A sogra achou por bem morar num asilo.
O irmão mais moço pegou todos seus pertences, uma mochila de roupas, uma
prancha de surf e vinte anos de mesada que Paulo lhe dava e foi tentar a
vida na Austrália.
A filha engravidou e foi morar com o namorado.
Restou a mulher que já muito cansada não notou que Paulo falava cada dia
menos.
Uma manhã Paulo encontrou um bilhete no lugar da mulher. Nele apenas uma
palavra: CHEGA, em letras grandes.
Ele achou bom e ruim.
Ficou mais meia hora na cama, depois se vestiu e foi caminhar, como de
costume.
E começou...
E se não fosse um caminhão de cebolas, fossem bananas ou frangos?
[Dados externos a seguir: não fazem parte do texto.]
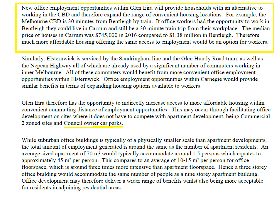 - The largest assumption of course is that companies will decide to rehouse to Glen Eira. In a March 2017 article written by the paper’s economic editor, the reverse was found to be the case – that companies are drawn to the CBD rather than the suburbs or regional centres. See: http://www.smh.com.au/victoria/melbourne-booms-while-the-rest-of-victoria-wilts-and-itll-only-get-worse-20170307-guslcg.html
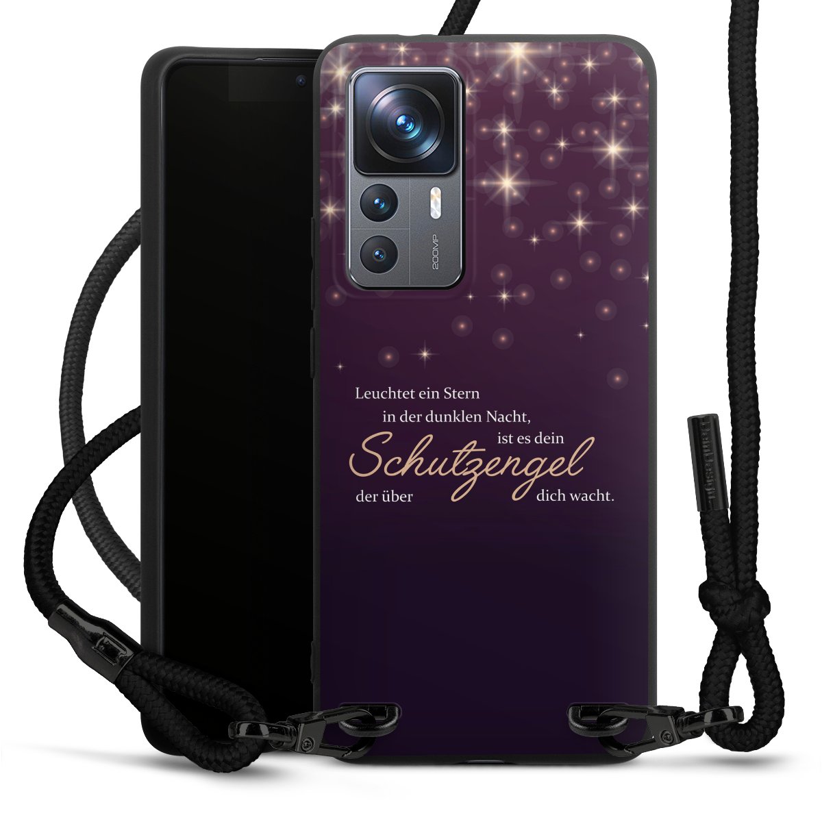 Pure Black: Handyhülle, Stoffband und Metalldetails in stylischem Mattschwarz.

E se não fosse um caminhão?
E se eu não estivesse lá?
E se o meu nome não fosse Paulo, fosse João será que a história seria
diferente?
E caiu no riso.
Nem notou que as vozes agora não passavam de pensamentos e que nem eram tão
dissonantes assim.
Bárbara A. Sanco - Porto Alegre/RS
http://barbarasanco.blogspot.com.br/
Publicação autorizada através de e-mail de 07/09/2012
5 comentários:
Seja bem vida à família Gandavos, Bárbara A. Sanco. Parabéns pelo seu blog http://barbarasanco.blogspot.com.br/
e pelo belíssimo texto AS VOZES publicado por cá.
Obrigada Carlos, pelo elogio e pela gentileza. Adorei o seu blog.
Que texto criativo! Lembrou-me deveras Machado de Assis. Parabéns! Bárbara, acho que somos todos dessa maneira mesmo: essas vozes em nós, na verdade, talvez não sejam tão dissonantes assim. Gostei demais! Abraços!
Obrigada Wanderley, fico muito lisonjeada pela comparação com Machado. Quis brincar com a ideia de que cada um é um mundo, um mundo em transformação, e quando sufocado pode surtar em busca de espaço para expansão. Mais uma vez obrigada pelas gentis palavras! Abraço para você também!